Analysis of meteorological conditions across provinces revealed that the projected change (future/current) in suitable habitat area for H. dulcis correlated positively with temperature, which was consistent with the thermophilic nature of this species (Figure 9). In contrast, the change rate showed significant and negative correlations with both precipitation and air humidity. This suggested that excessive moisture inhibits its growth, which might explain its absence in coastal regions. A weak positive correlation with wind speed implied that moderate winds may enhance gas exchange and stimulate physiological activity. Elevation exerted an indirect influence on distribution by interacting with topography and wind speed. Terrain features such as slopes and valleys altered local wind patterns, thereby modifying microclimatic conditions (such as temperature and moisture retention), which are crucial for H. dulcis survival. These findings aligned with prior analysis of key environmental variables, reaffirming the critical roles of temperature, precipitation, and elevation in determining habitat suitability. Consequently, our results supported the prediction of an overall range contraction for H. dulcis under future climate warming scenarios.

Figure 9
A correlation matrix with a triangular layout, using color-coded circles to represent correlation coefficients. The scale on the right ranges from -1 (dark blue) to 1 (red), indicating negative to positive correlations. Major data segments are labeled with symbols and letters. The diagonal displays perfect correlations, marked by bright red circles with the number one.

Figure 9. The correlation heatmap between the change rate of suitable habitat area in each province and climatic factors. (Hunan, Jiangxi, Shaanxi, Gansu, Shanxi, Hebei, Sichuan, Guangxi Zhuang Autonomous Region, Hubei, Fujian, Guangdong, Zhejiang, Henan, Anhui, Shandong)[△R1:△12650S/current; △R2:△12690S/current; △R3:△58550S/current; △R4:△58590S/current; (A) Atmospheric pressure (hPa); (B) Atmospheric pressure at sea level (hPa); (C) Maximum Pressure(hPa); (D) Minimum Pressure (hPa); (E) Temperature (°C); (F) Mean maximum temperature (°C); (G) Mean minimum temperature (°C); (H) Relative humidity (%); (I) Minimum Relative Humidity (%); (J) 2-Minute Mean Wind Speed (m/s); (K) Maximum Wind Speed (m/s); (L) Wind Direction (Angle) of Maximum Wind Speed (°); (M) Extreme Wind Speed (m/s); (N) Wind Direction of Extreme Wind Speed (°); (O) Annual 24-hour Precipitation (20:00-20:00 local time) (mm); (P) 24-hour Precipitation (08-08h) (mm)].

In summary, the priority provinces for future cultivation of H. dulcis included Hunan, Jiangxi, Hebei, Liaoning and Beijing, where the suitable habitat areas continued to expand. Meanwhile, attention should be paid to provinces such as Guizhou and Sichuan, where the suitable area was decreasing but still maintained high suitability.

4 Discussion

4.1 Reliability of MaxEnt model prediction

Species distribution models serve as the significant tool for assessing the impacts of climatic and environmental changes on habitat suitability (Wiens et al., 2009). Among them, MaxEnt model is regarded as one of the most frequently used ecological niche models in current studies, especially for presence-only data (Phillips and Dudík, 2008). This makes H. dulcis highly suitable for study, as a medicinal plant that has not received sufficient attention in biodiversity surveys. Our dataset contains 191 verified occurrence records. Although these records are spatially sparse, the robustness of the MaxEnt model effectively mitigates this limitation.

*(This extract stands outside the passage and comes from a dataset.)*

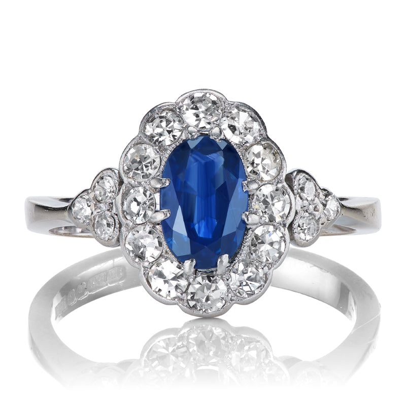 Antique Sapphire Ring with Diamond Halo in Platinum Setting
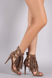 This chic fringe decor, and wrapped stiletto heel. Finished with lightly padded insole and back zipper closure for easy on/off.

This study takes climatic conditions, edaphic properties, and topographical features as the main environmental variables and uses spatial modeling methods to predict the optimal habitat range of H. dulcis. However, the accuracy of the model predictions is influenced by the degree of spatial aggregation of occurrence records. When these records display a high level of spatial correlation, the model is prone to overfitting, potentially introducing geographical biases. To reduce overfitting, variables with correlation coefficients exceeding an absolute value of 0.8 are excluded. A 10 km spatial thinning threshold is applied to improve the accuracy and reliability of the AUC output. Model performance is evaluated using the receiver operating characteristic (ROC) curve, and the MaxEnt model achieves an AUC value of 0.934 (Figure 2b). An AUC value approaching 1 indicates excellent model performance (Mahmoud et al., 2025), demonstrating that the model is both accurate and effective. Its strong predictive capability provides a valuable reference for developing conservation strategies and sustainable utilization plans for H. dulcis.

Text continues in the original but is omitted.